I totally get why you feel you can't send her home - I suspect it would be WWlll for your dd at school if you did so, and may distress your dd further.

I think I would carry on as you are - encourage the activities, but give the other girl space to do her own thing. I would maybe ban her from using the word 'boring' though!

MadamArcatiAgain · 21/07/2015 08:27

I second the poster who said you were 'smothering'. Why are you staying at every activity with them? Can't you just sign them in and then go?

Sallystyle · 21/07/2015 08:29

OP I would do the same as you.

In the real world most people wouldn't send her on a train herself not knowing whether someone will meet her or turn up or how she will deal with the train ride. Not all 12 years old have travelled alone.

Neither would many people take her £300 to hire a nanny or send her i a taxi to another relative who isn't responsible for her.

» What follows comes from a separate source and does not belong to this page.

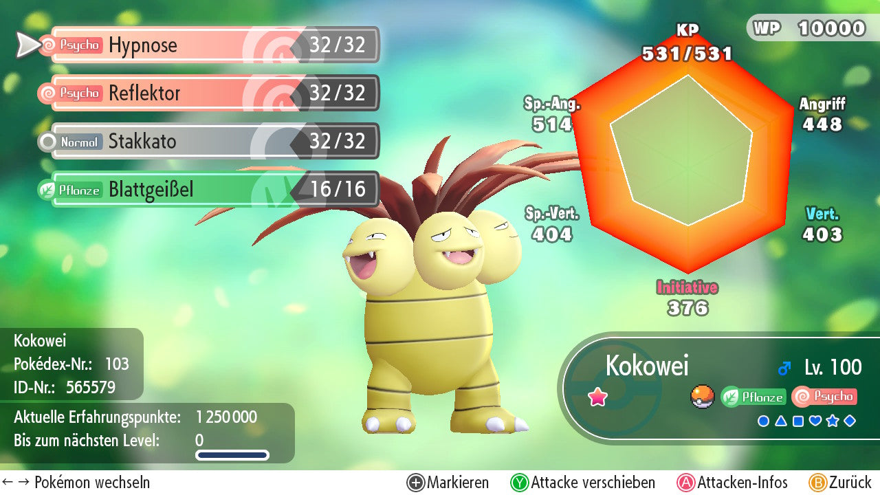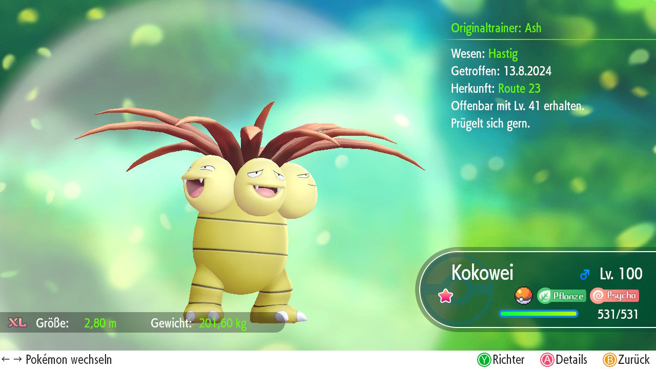 Das Pokemon ist mit beeindruckenden 6×31 IV-Werten ausgestattet. Das bedeutet, dass es auf allen sechs Werten (KP, Ang., Sp-Ang., Vert., Sp-Vert., Init.) die maximalen 31 IV/DV-Punkte besitzt. Dein Pokemon startet somit mit herausragender Stärke in digitale Kämpfe.

It's horrible that you are having to deal with this but like you said, you agreed to take her and she is your responsibility for the week and with the mum away there isn't much you can do about it now.

I hope the rest of the week goes more smoothly.

pictish · 21/07/2015 08:37

I agree UK I've been reading some of the replies and chuckling to myself. All this put her on a train/spend her £300 on a taxi/insist her aunt comes to pick her up immediately...it's very easy telling other people what to do when you don't have to do it yourself. Wink

The reality is OP is stuck with the whinging madam until it's time to go home.

This week will go down in family lore as "remember the time we took Xxxx to Pontins?"

fiddlybulb · 21/07/2015 08:56

Mn is fantastic for practical advice, but I think sometimes we collectively make a category error in offering advice when all the op wanted was tea and sympathy. In this case the op's between a rock and a hard place and just wants a bloody good moan - and she's entitled to one after having her holiday ruined. Plus I think she's a single parent and her mum is ill, which means she doesn't have a DP/DH/another adult she can turn to at the end of the day to let off steam.

Marynary · 21/07/2015 08:56

It sounds like you are doing a great job OP. Many of the suggestions on here are over dramatic and I wonder if the posters would actually behave like that in real life. Not only would it be really irresponsible to send a child off on a train or use their money for a taxi to send them home but it would probably really upset your dd and certainly it could make life very difficult for her when she gets back to school.
I think that it might help if you don't stay with your DD and her friend for activities (if you are comfortable doing that). Hopefully the rest of the work will be better.